Edit for unfiltered ideas:

You could automatically sample an image, find neurons excited, sample neurons, sample images based on how much they excite that neuron, etc, until you end up with a sampled pool of similar images and similar neurons. Then you drop out all similar neurons.

You could try anti-dropout: punishing the NN for redundancy and rewarding it for fragility/specificity. However, to avoid the incentive to create fine tuned activation/inhibition pairs, you only use positive activations for this step.
- jylin04 14 Jan 2021 14:45 UTC
  1 point
  Parent
  Thanks for the comment!

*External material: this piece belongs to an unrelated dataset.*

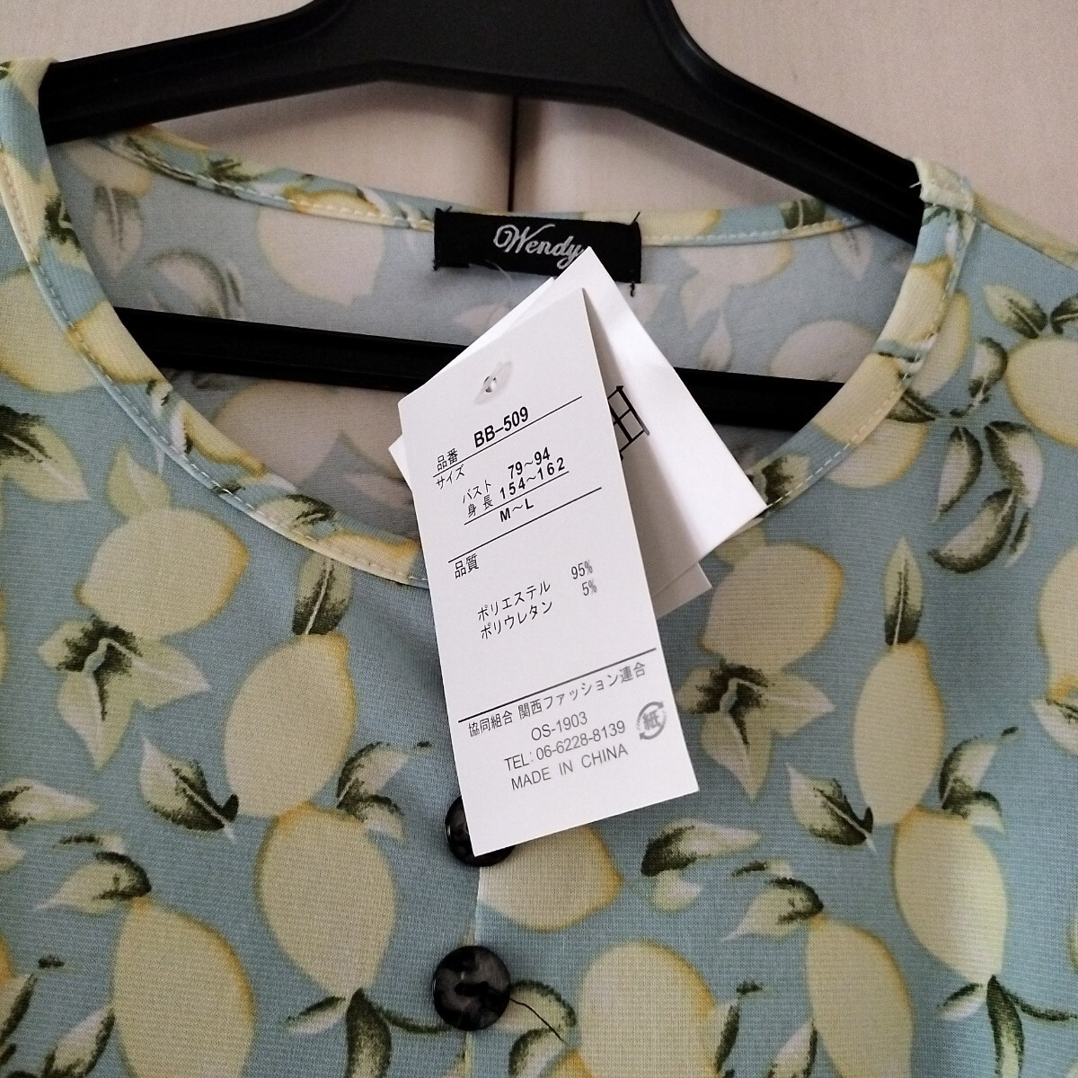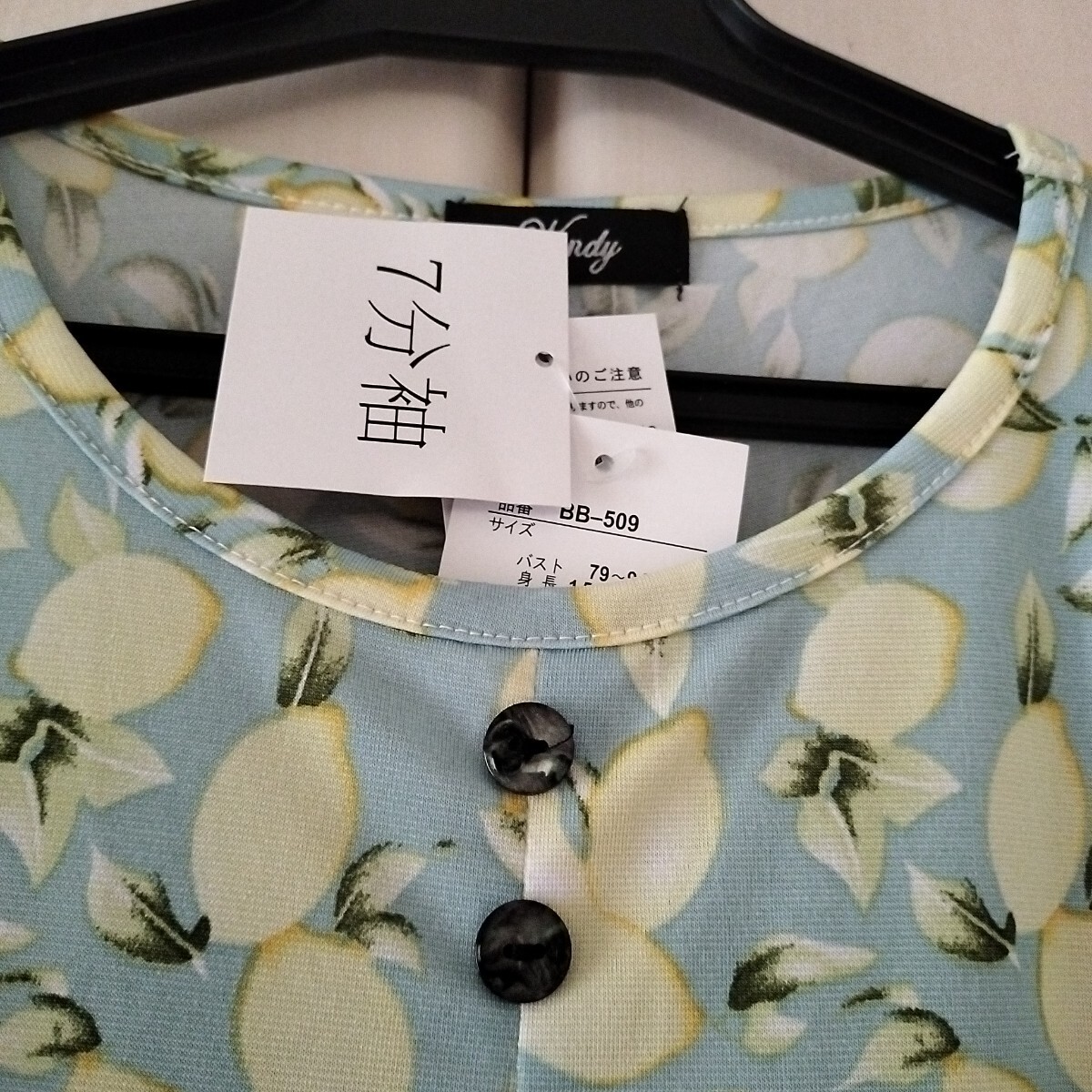 【M~Lサイズ】新品 Wendy 七分袖 チュニック カットソー 関西ファッション連合 レディース トップス ミセス 飾りボタン B509 水色 レモン

Naively I feel like dropout would make things worse for the reason that you mentioned and anti-dropout better, but I’m definitely not an expert on this stuff.
  I’m not sure I totally understand your first idea. Is the idea something like
  - Feed some images through a NN and record which neurons have high average activation on them
  - Randomly pick some of those neurons and record which dataset examples cause them to have a high average activation
  - Pick some subset of those images and iterate until convergence?
  - DanielFilan 14 Jan 2021 18:20 UTC
    6 points
    Parent
    One interesting fact my group discovered is that dropout seems to increase the extent to which a network was modular. We have some results on the topic here but a more comprehensive paper should be out soon.
    - jylin04 14 Jan 2021 18:29 UTC
      1 point
      Parent
      Interesting, thanks! I stand corrected (and will read your paper)...
  - Charlie Steiner 15 Jan 2021 7:36 UTC
    5 points
    Parent
    Dropout makes interpretation easier because it disincentivizes complicated features where you can only understand the function of the parts in terms of their high-order correlations with other parts. This is because if a feature relies on such correlations, it will be fragile to some of the pieces being dropped out.
    
    Anti-dropout promotes consolidation of similar features into one, but it also incentivizes that one feature to be maximally complicated and fragile.
    
    Re: first idea. Yeah, something like that. Basically just an attempt at formalization of “functionally similar neurons,” so that when you go to drop out a neuron, you actually drop out all functionally similar ones.